What is expected - Retype word for word the stretch of entries below from the line that has "Vết thương rất" through the line that has "Tom Brown,project manager", and omit the pictures.

Recorded data -
□ □ □ □ □
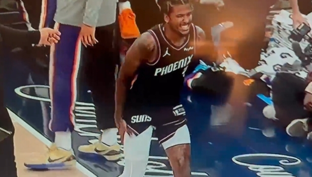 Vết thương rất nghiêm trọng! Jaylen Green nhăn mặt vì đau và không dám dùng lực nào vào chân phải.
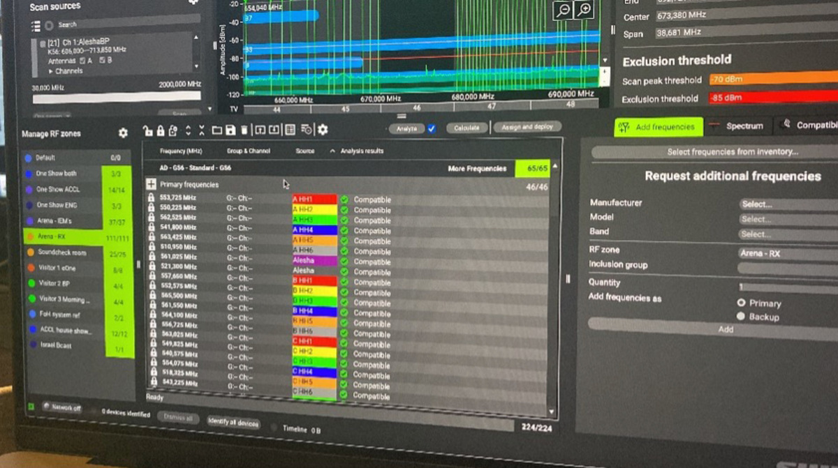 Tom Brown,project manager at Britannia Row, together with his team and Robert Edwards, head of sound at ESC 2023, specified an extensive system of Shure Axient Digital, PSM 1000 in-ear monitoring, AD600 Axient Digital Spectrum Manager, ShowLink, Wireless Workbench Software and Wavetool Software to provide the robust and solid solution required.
□ □ □ □ □
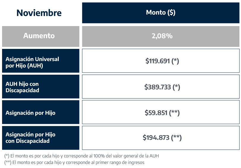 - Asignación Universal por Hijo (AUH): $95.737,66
□ □ □ □ □
Exercise response -
 Vết thương rất nghiêm trọng! Jaylen Green nhăn mặt vì đau và không dám dùng lực nào vào chân phải.
 Tom Brown,project manager at Britannia Row, together with his team and Robert Edwards, head of sound at ESC 2023, specified an extensive system of Shure Axient Digital, PSM 1000 in-ear monitoring, AD600 Axient Digital Spectrum Manager, ShowLink, Wireless Workbench Software and Wavetool Software to provide the robust and solid solution required.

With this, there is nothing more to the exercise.